To do
Reproduce, from the lines below, exactly the stretch that begins at the line containing "Visitors can climb" and ends at the line containing "sandali in pelle", both included.

Source data
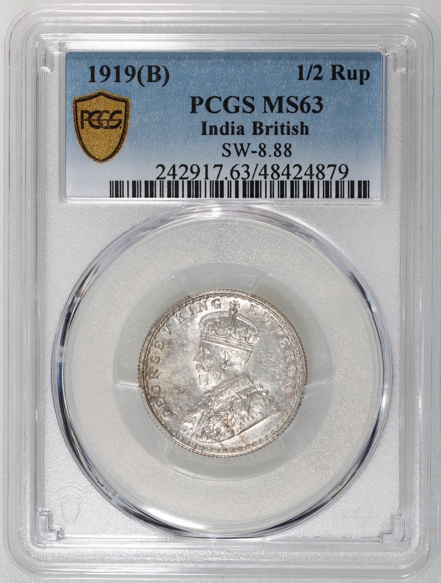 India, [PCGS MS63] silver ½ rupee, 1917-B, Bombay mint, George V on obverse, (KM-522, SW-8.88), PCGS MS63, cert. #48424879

* * *

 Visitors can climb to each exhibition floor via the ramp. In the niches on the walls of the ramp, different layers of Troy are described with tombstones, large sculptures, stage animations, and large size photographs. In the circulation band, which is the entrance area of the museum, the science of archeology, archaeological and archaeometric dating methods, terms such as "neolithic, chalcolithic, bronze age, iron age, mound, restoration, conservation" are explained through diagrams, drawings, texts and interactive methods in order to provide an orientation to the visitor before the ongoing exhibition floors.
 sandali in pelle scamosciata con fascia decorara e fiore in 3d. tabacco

* * *

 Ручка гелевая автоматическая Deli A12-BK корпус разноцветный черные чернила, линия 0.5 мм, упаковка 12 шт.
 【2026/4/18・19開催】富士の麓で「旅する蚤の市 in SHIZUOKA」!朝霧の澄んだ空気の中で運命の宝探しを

Answer to this exercise
 Visitors can climb to each exhibition floor via the ramp. In the niches on the walls of the ramp, different layers of Troy are described with tombstones, large sculptures, stage animations, and large size photographs. In the circulation band, which is the entrance area of the museum, the science of archeology, archaeological and archaeometric dating methods, terms such as "neolithic, chalcolithic, bronze age, iron age, mound, restoration, conservation" are explained through diagrams, drawings, texts and interactive methods in order to provide an orientation to the visitor before the ongoing exhibition floors.
 sandali in pelle scamosciata con fascia decorara e fiore in 3d. tabacco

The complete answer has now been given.